Carraig agus cathair: Ó Direáin is a recent (2002) biography. Its title ('The Rock and the City') refers to Ó Direáin's journey from his native rocky island to Dublin, where he lived most of his life.

An Charraig Stoite (The Uprooted Rock) is a 2003 award-nominated TG4/Bord Scannán na hÉireann funded documentary on Máirtín Ó Direáin which was written by Alan Titley and produced and directed by Mac Dara Ó Curraidhín.

On 27 May 2010, An Post (the Republic of Ireland's Post Office) issued a single stamp to commemorate the birth centenary of Máirtín Ó Direáin featuring a portrait of the poet.

In 2018, the University of Galway, celebrated the 30th anniversary of Ó Direáin's passing by making him one of the main themes of their annual celebration of Seachtain na Gaeilge. The title of the event and exhibit, which drew on university, State, and private archives, was "Máirtín Ó Direáin – Fathach File / Reluctant Modernist". Ó Direáin's daughter Niamh (née Ní Dhireáin) Sheridan, spoke at the event and was joined by her daughter and her grandson.

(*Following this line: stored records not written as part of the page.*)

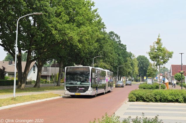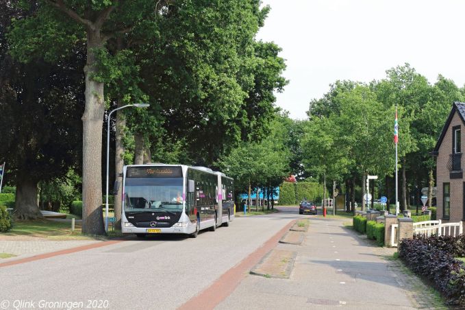 Nadat de Q-link Paarse bus diverse ritten op lijn 74 tussen Veendam en Emmen heeft gereden, gaat hij Emmen na zijn laatste rit volgens de omloop over in Lijn 44 naar Schoonebeek via het Drentse plaatsje Erica. De bus komt hierbij door plaatsen waar het tot voor kort ondenkbaar was om daar een Groninger Q-link bus te zien. Op de foto komt bus 3096 door de Havenstraat in Erica gesneld en is op 3 juni 2020 op weg richting Schoonebeek.
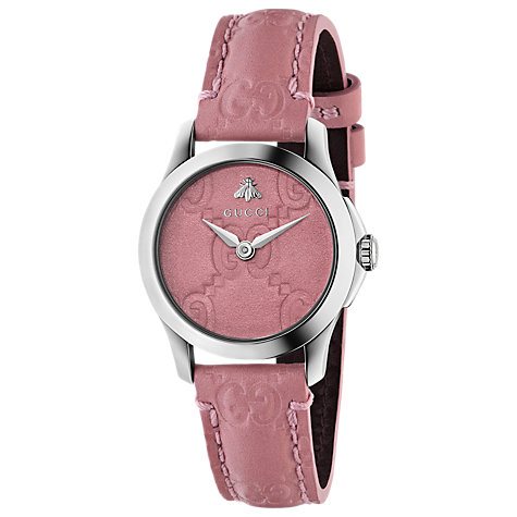 Caja de acero inoxidable plateado con correa de piel rosa. Bisel fijo de acero inoxidable. Esfera rosa con manos de color plateado. Tipo de marcado: analógico. Movimiento de cuarzo Cristal de zafiro resistente a los arañazos. Caja sólida de nuevo. Tamaño de la caja: 27 mm. Forma de la caja redonda. Resistente al agua hasta 50 metros / 165 pies. Funciones: horas, minutos. Reloj de estilo de noche
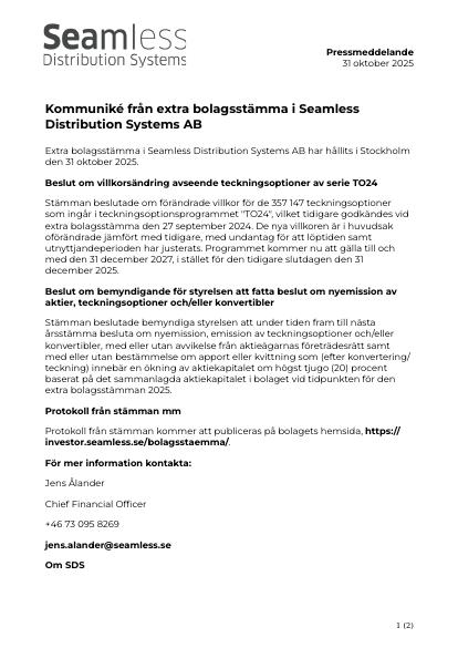 Extra bolagsstämma i Seamless Distribution Systems AB har hållits i Stockholm den 31 oktober 2025.
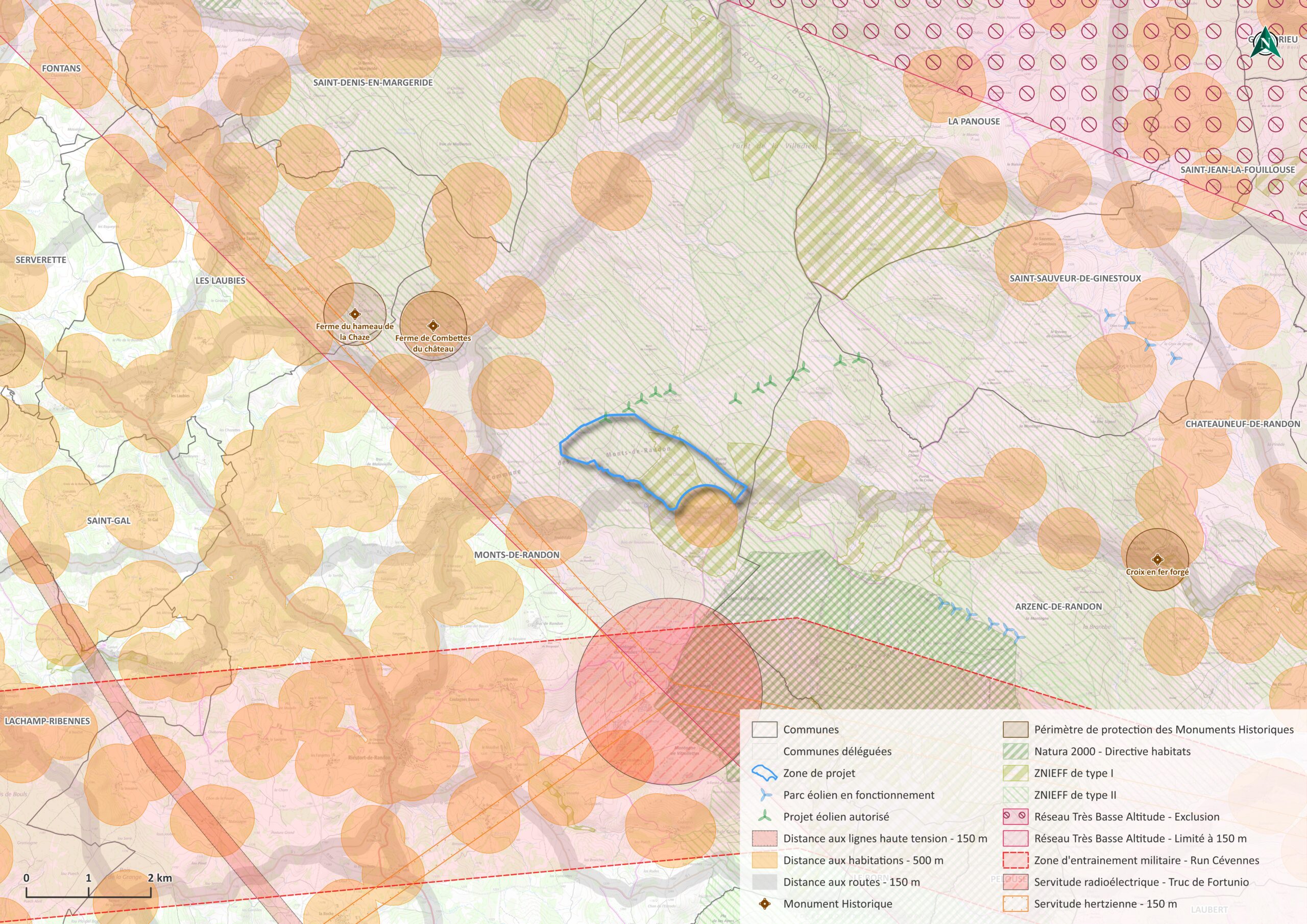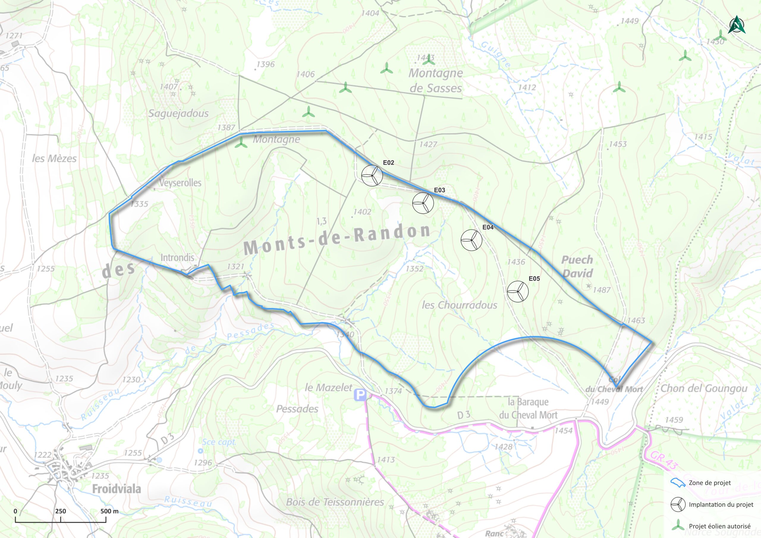 Le projet est situé dans un secteur adapté à l’implantation éolienne. Il s’inscrit en effet au sein d’une forêt de plantation de résineux, dans un paysage de plateaux boisés et vallonnés, où la variation de relief est importante. Des masques importants sont notamment générés par les reliefs de la Montagne de la Margeride. Le projet s’intègre sur une pente orientée sud, limitant ainsi les vues depuis le nord.
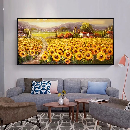 Mintura dipinti a olio su tela con paesaggio di girasoli testurizzati fatti a mano, decorazione da parete, quadro astratto moderno per la decorazione della casa, dipinto arrotolato senza cornice e non
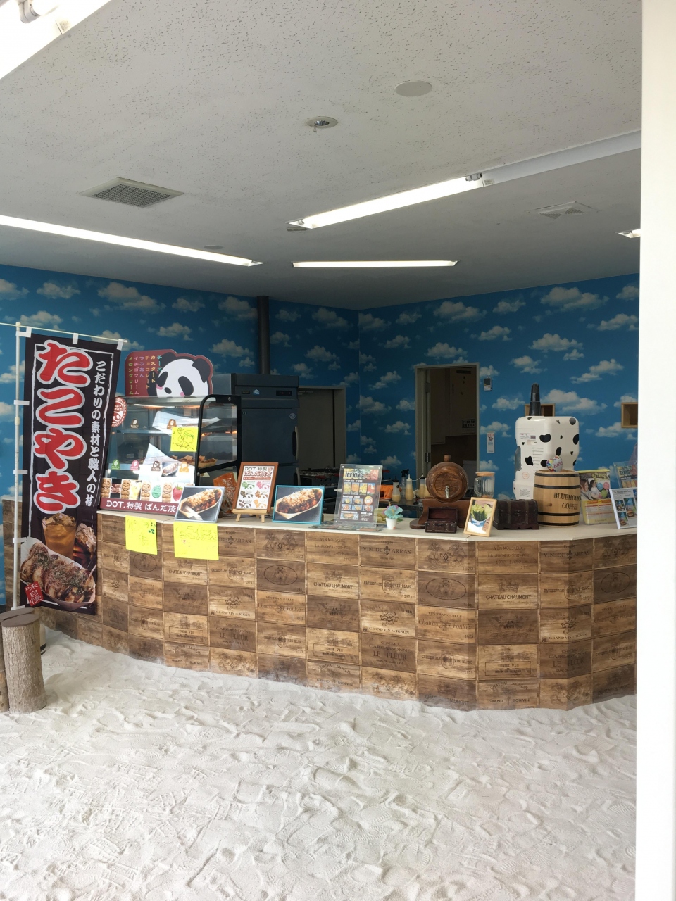 店内は南国をイメージしているのか、砂が敷かれています。メインはメロンかき氷でしたが、たこ焼きなども売られており、統一感はなかったかな(笑)スモールサイズは、半玉でなくカットメロンにかき氷がのっているタイプなので沢山通常サイズをオーダーしましょう。
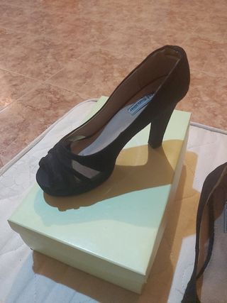 zapatos de tacón con plataforma, negros de la talla 37, usados una sola vez, para fiesta o ceremonia.
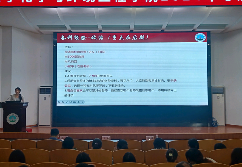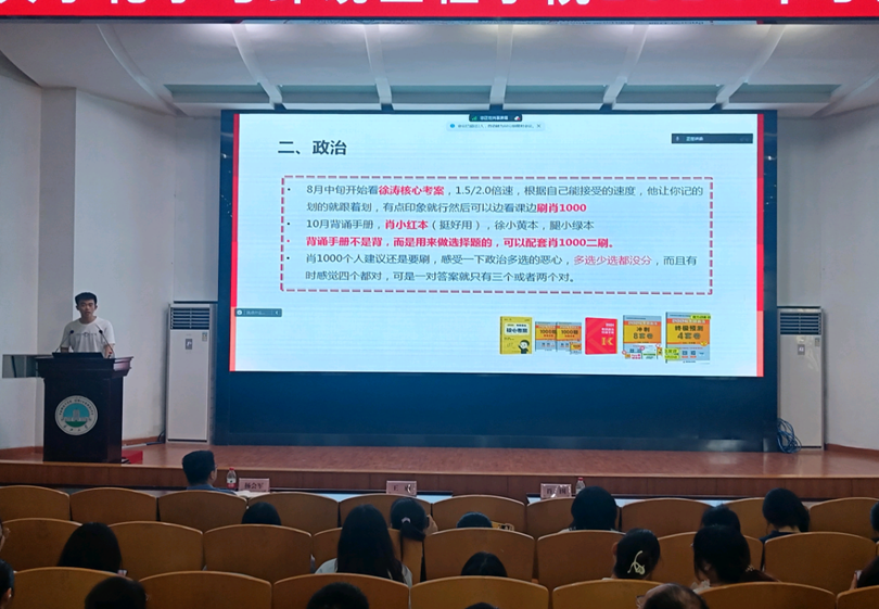 副院长肖围做2025届毕业生考研动员,并讲解2025年研究生报考政策。他就考研报名的注意事项进行了详细讲解,并对同学们提出了殷切希望,鼓励同学们树立适合自己的考研目标,提前规划、尽快行动,并分享了各种收集资料的渠道。
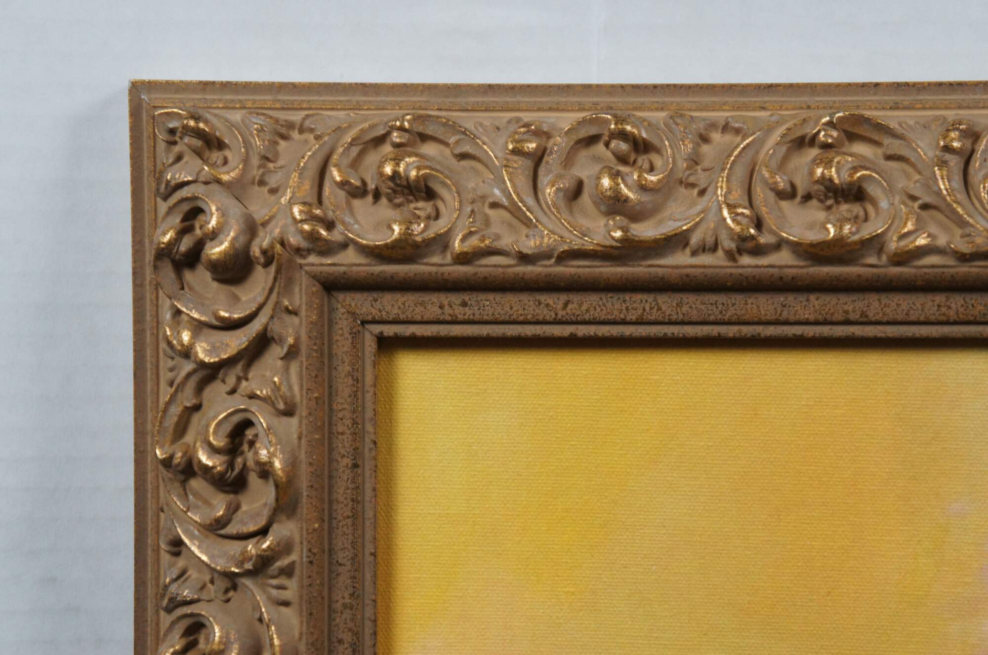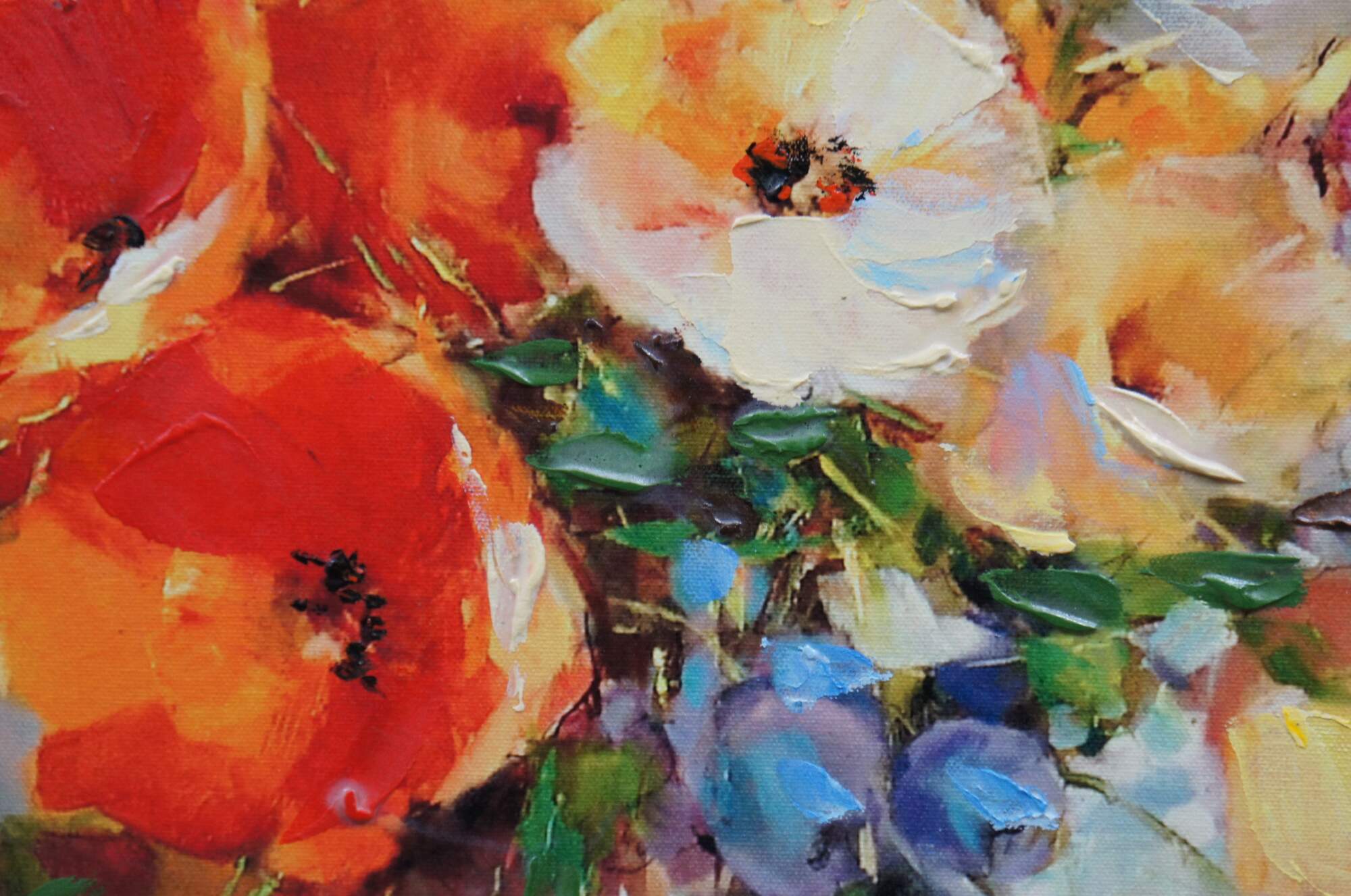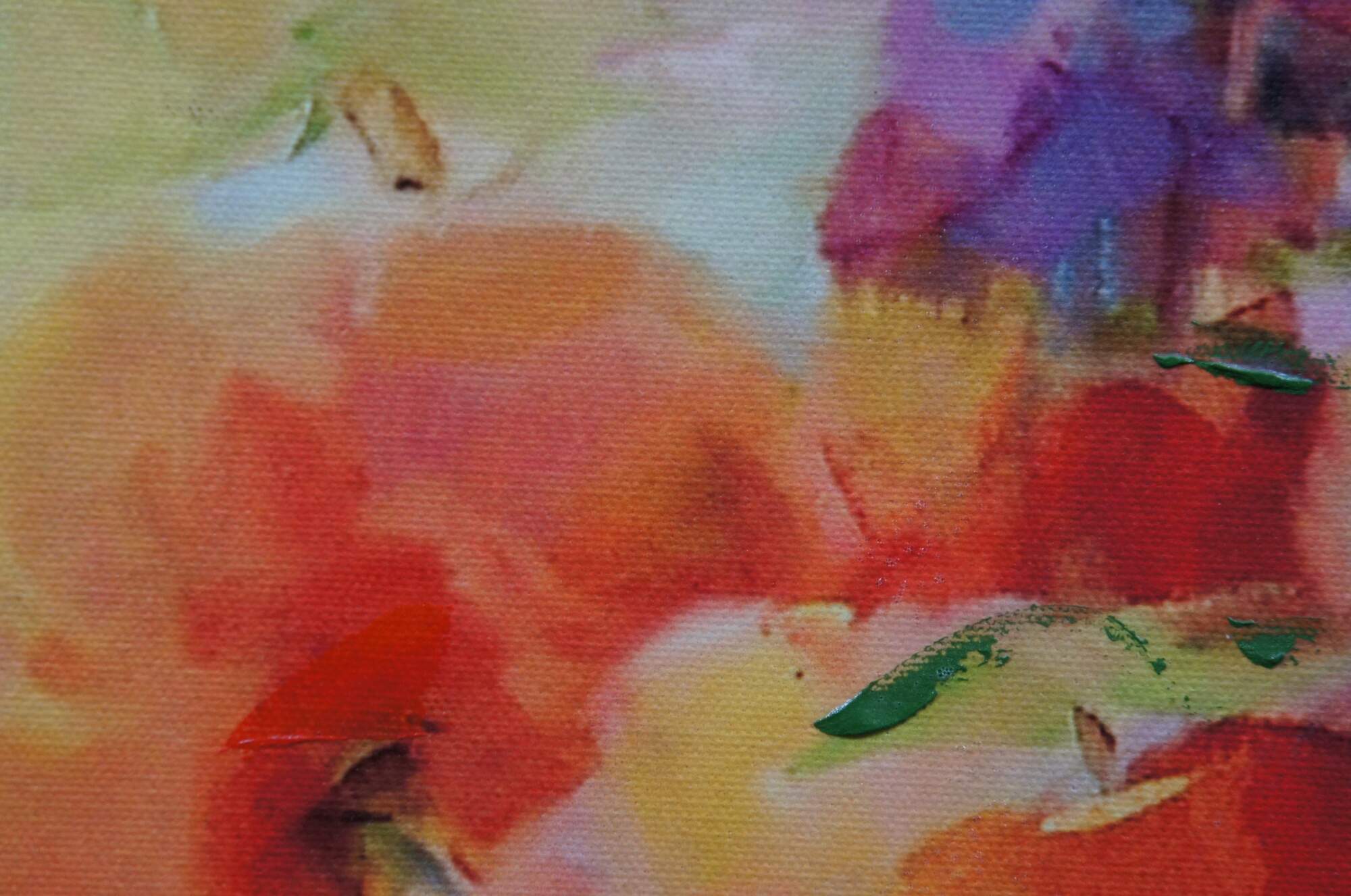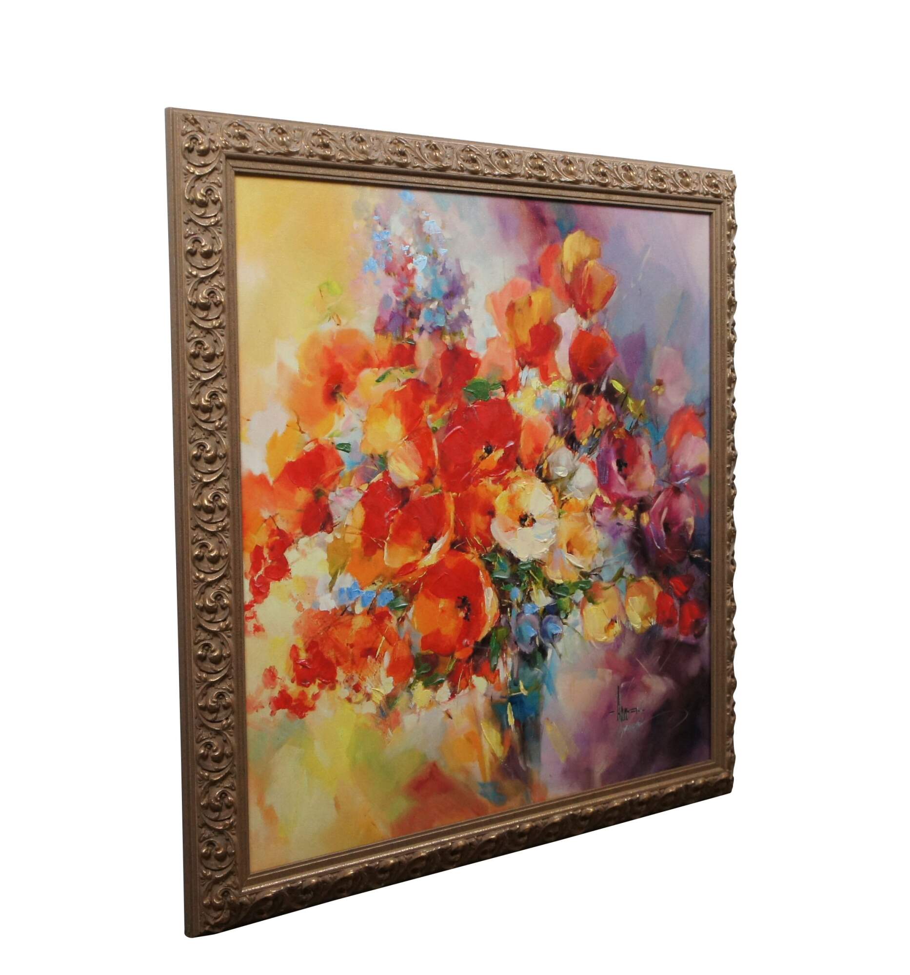 Limited edition hand embellished giclee print on canvas of "Bright Moment 2" by Anna Razumovskaya - depicts a bouquet of poppies and other flowers in a vanishing vase on a mottled yellow and purple background. Signed in lower right corner. Foliate carved gilt wood frame.
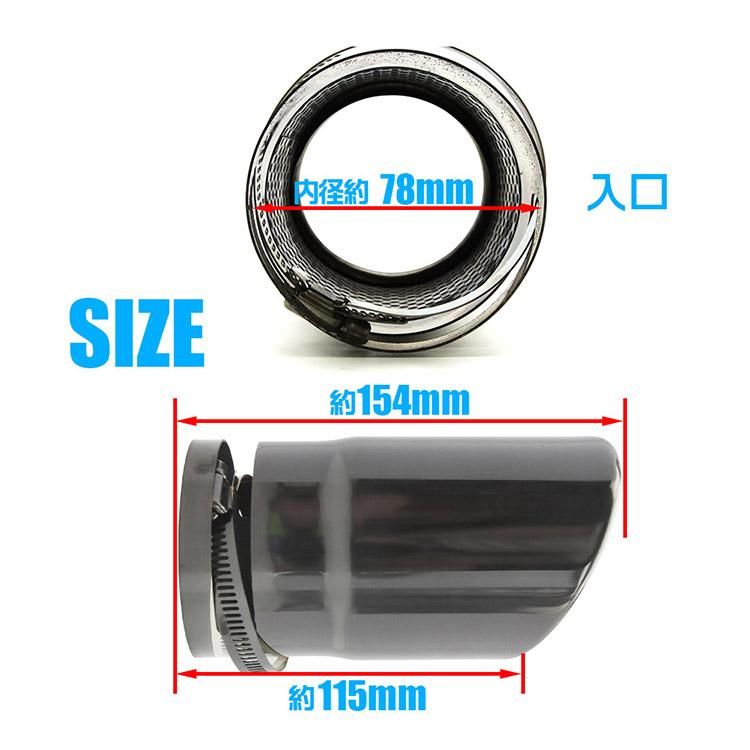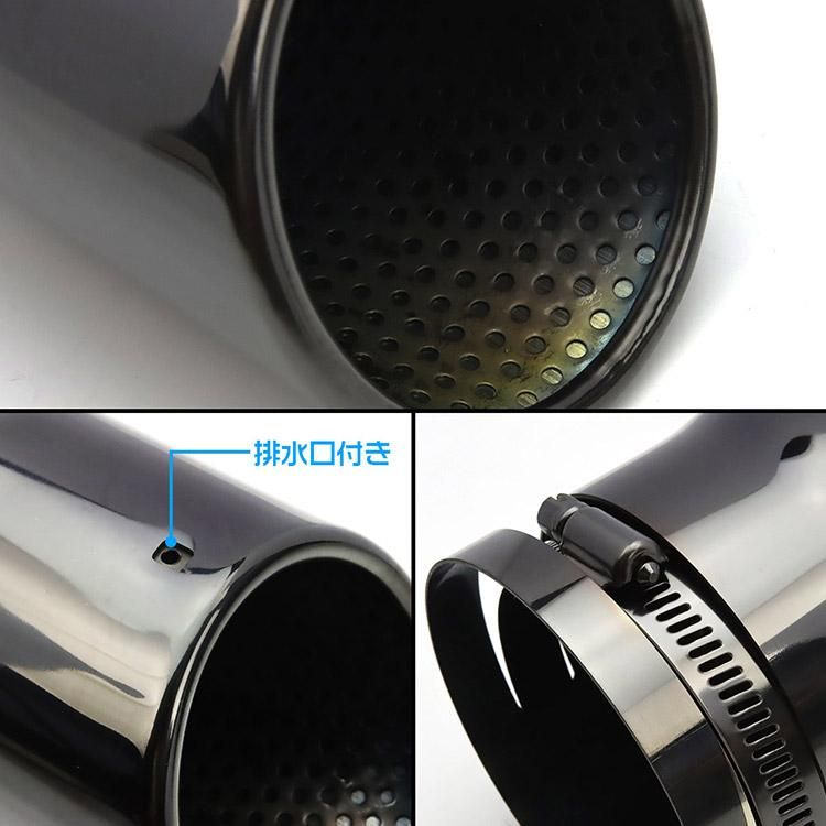 「脱落防止ワイヤー付き」マフラーカッター 汎用 シングル 排水口付き 外装 カスタムパーツドレスアップ 約55mm~77mm適用 ブラック

=== Legacy in Irish traditional music===
Six of Ó Direáin's poems have been put to music by Irish traditional musician Colm Ó Snodaigh of the music group Kíla: Faoiseamh a Gheobhadsa, Maith Dhom, Bua na Mara, Dínit an Bhróin, "An tEarrach Thiar" and Bí i do Chrann. The first three were recorded on Handel's Fantasy, Luna Park (two Kíla albums) and Giving - Colm Ó Snodaigh's 2007 solo album.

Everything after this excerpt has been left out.